With reference to FIG. 1, the die housing 102 of the apparatus was a cylinder having an outer diameter of 1.375 inches (about 34.9 mm), an inner diameter of 0.875 inch (about 22.2 mm), and a length of 3.086 inches (about 78.4 mm). The outer 0.312-inch (about 7.9-mm) portion of the second end 108 of the die housing was threaded with 16-pitch threads. The inside of the second end had a beveled edge 126, or chamfer, extending from the face 128 of the second end toward the first end 106 a distance of 0.125 inch (about 3.2 mm). The chamfer reduced the inner diameter of the die housing at the face of the second end to 0.75 inch (about 19.0 mm). An inlet 110 (also called an inlet orifice) was drilled in the die housing, the center of which was 0.688 inch (about 17.5 mm) from the first end, and tapped. The inner wall of the die housing consisted of a cylindrical portion 130 and a conical frustrum portion 132. The cylindrical portion extended from the chamfer at the second end toward the first end to within 0.992 inch (about 25.2 mm) from the face of the first end. The conical frustrum portion extended from the cylindrical portion a distance of 0.625 inch (about 15.9 mm), terminating at a threaded opening 134 in the first end. The diameter of the threaded opening was 0.375 inch (about 9.5 mm); such opening was 0.367 inch (about 9.3 mm) in length.
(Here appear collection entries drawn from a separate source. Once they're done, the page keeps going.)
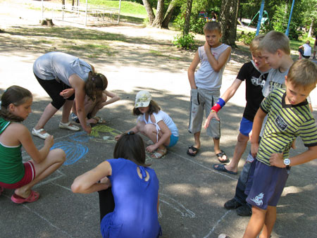Затем по 4-5 представителей от каждого из 9 отрядов приняли участие в викторине, цель которой – закрепление знаний правил электробезопасности. Все команды безошибочно ответили на все вопросы. Следующий этап – конкурс рисунков на асфальте «Электричество: друг или враг?». Каждая команда получает упаковку мелков, придумывает свой сюжет и рисует. Дети отразили в своих работах ситуации, в которые может попасть человек, пренебрегающий правилами поведения вблизи энергообъектов: горе-рыбак удит рыбу под линией электропередачи, незадачливый турист не спешит во время грозы покидать трассу ВЛ, дети палками пытаются откинуть оборванный провод. Защищая свои нарисованные проекты, дети давали однозначную оценку действий героев своих рисунков: так поступать ни в коем случае нельзя. Надо отметить, что практически во всех работах были знаки электробезопасности, то есть дети усвоили их назначение и информацию, которую они несут.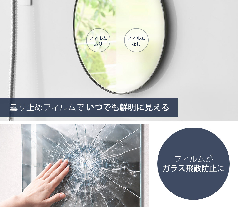 鏡面に曇り止めフィルムを粘着加工しているので、シャワー中の気になる曇りを防ぐことができます。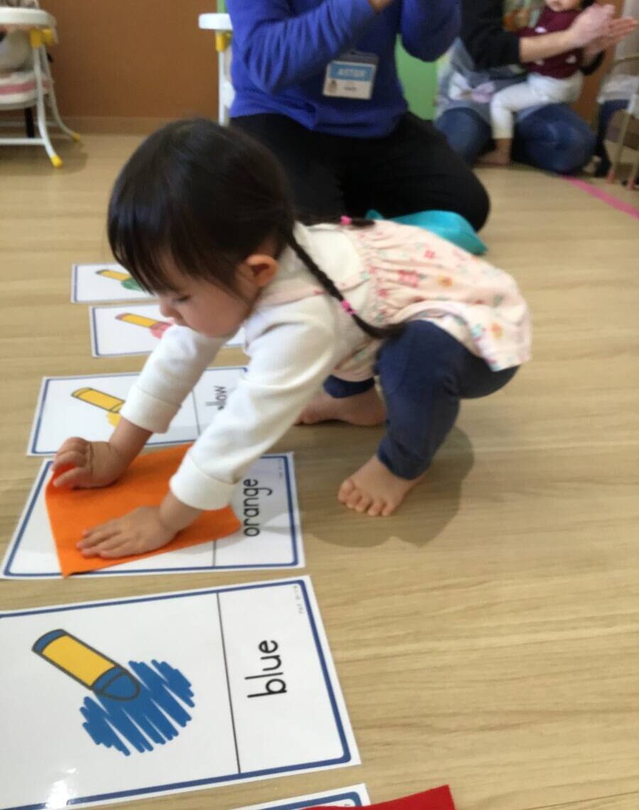 徐々に慣れてくると、「ブルー💙」「ピンク💗」と先生の言葉を真似したり、椅子から立ってみたりと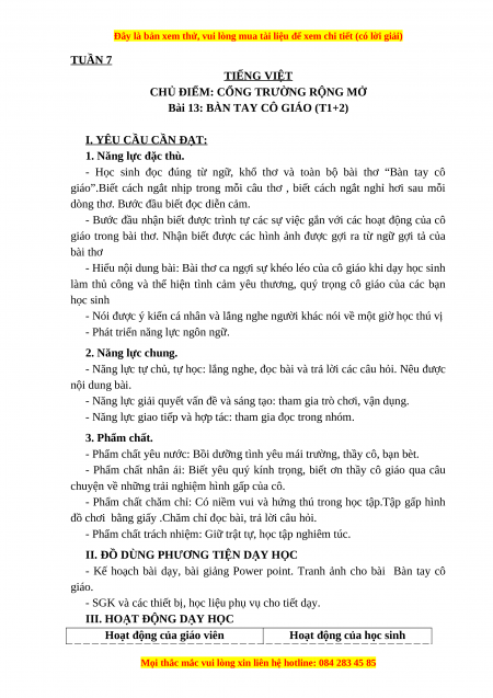 Bài 13: BÀN TAY CÔ GIÁO (T1+2) I. YÊU CẦU CẦN ĐẠT: 1. Năng lực đặc thù.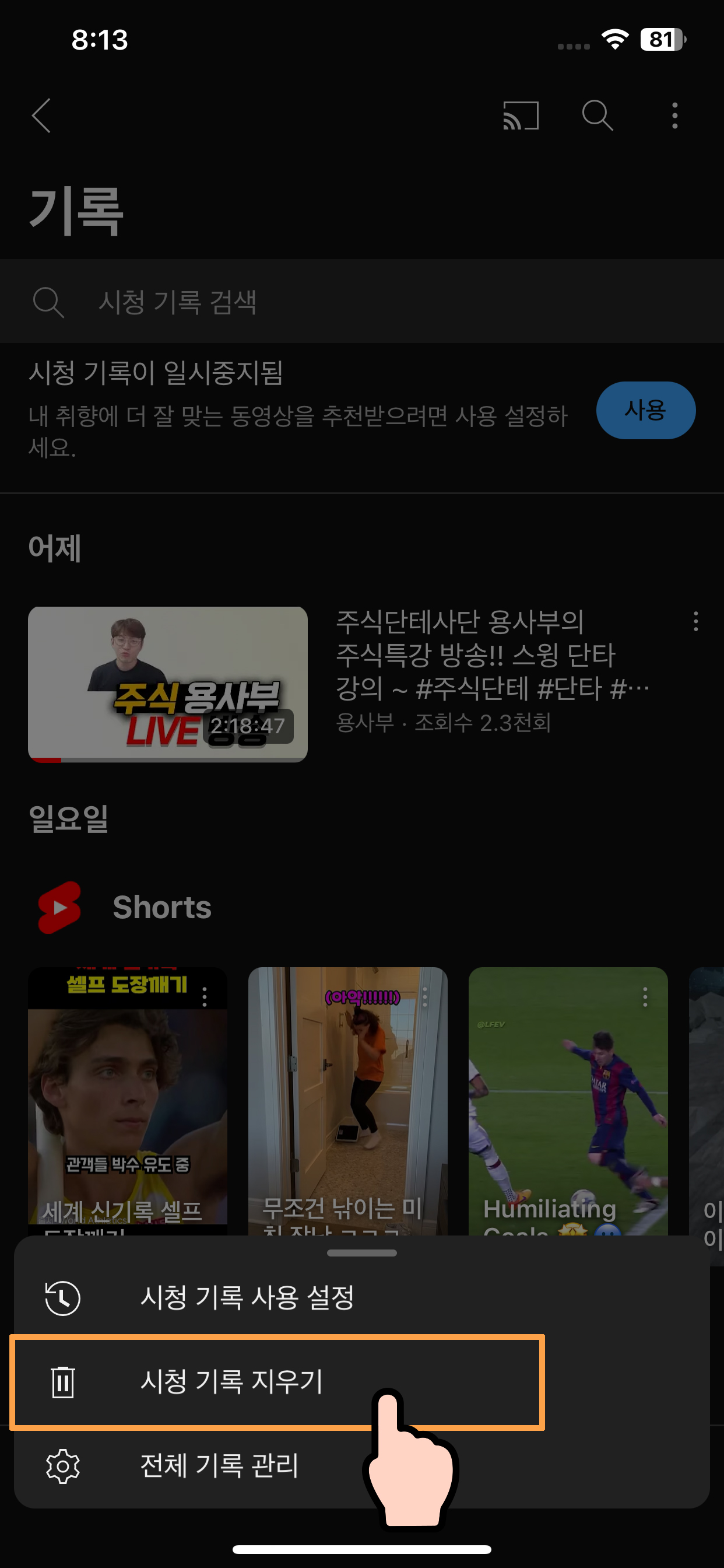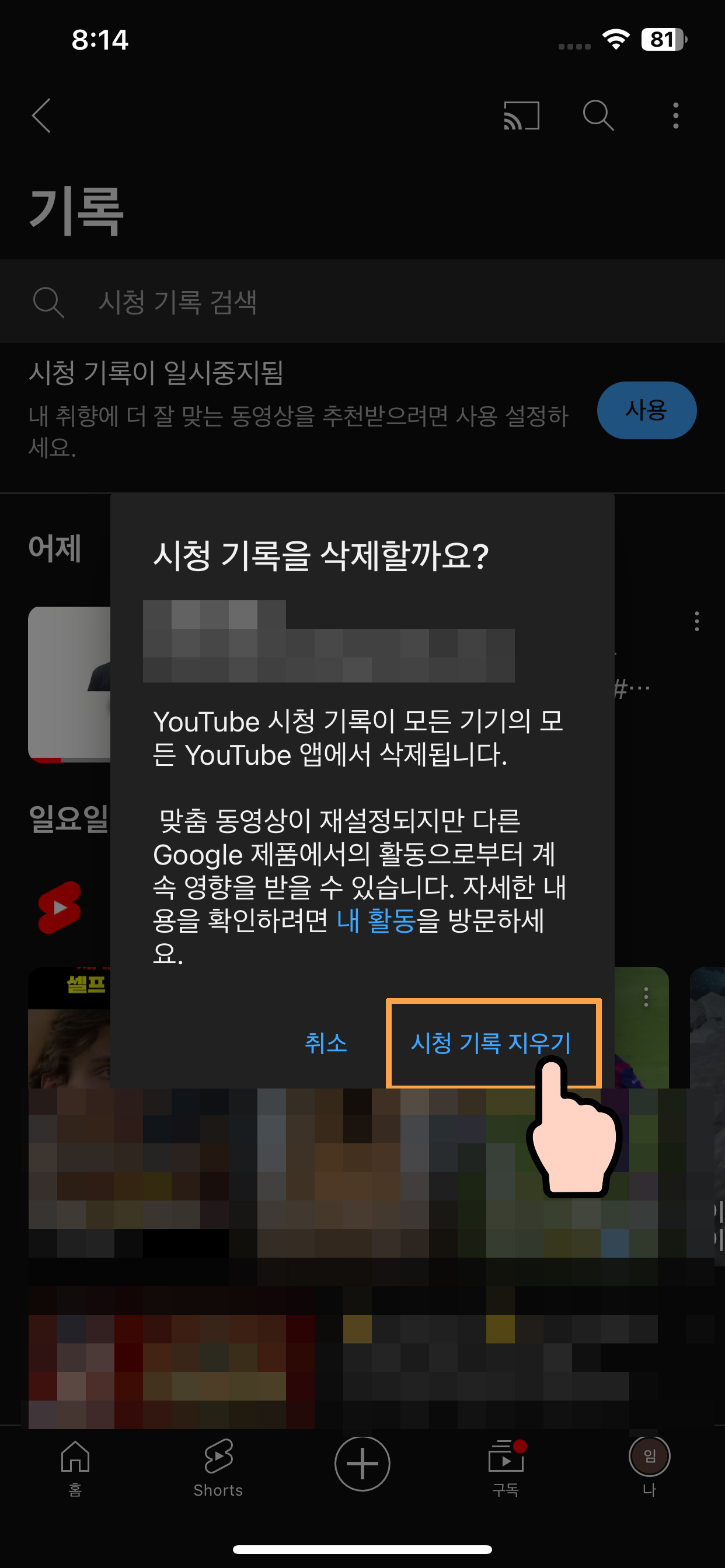 주황색 네모 부분의 시청기록 지우기를 터치해주세요.

A die tip 136 was located in the threaded opening of the first end. The die tip consisted of a threaded cylinder 138 having a circular shoulder portion 140. The shoulder portion was 0.125 inch (about 3.2 mm) thick and had two parallel faces (not shown) 0.5 inch (about 12.7 mm) apart. An exit orifice 112 (also called an extrusion orifice) was drilled in the shoulder portion and extended toward the threaded portion a distance of 0.087 inch (about 2.2 mm). The diameter of the extrusion orifice was 0.0145 inch (about 0.37 mm). The extrusion orifice terminated within the die tip at a vestibular portion 142 having a diameter of 0.125 inch (about 3.2 mm) and a conical frustrum portion 144 which joined the vestibular portion with the extrusion orifice. The wall of the conical frustrum portion was at an angle of 30° from the vertical. The vestibular portion extended from the extrusion orifice to the end of the threaded portion of the die tip, thereby connecting the chamber defined by the die housing with the extrusion orifice.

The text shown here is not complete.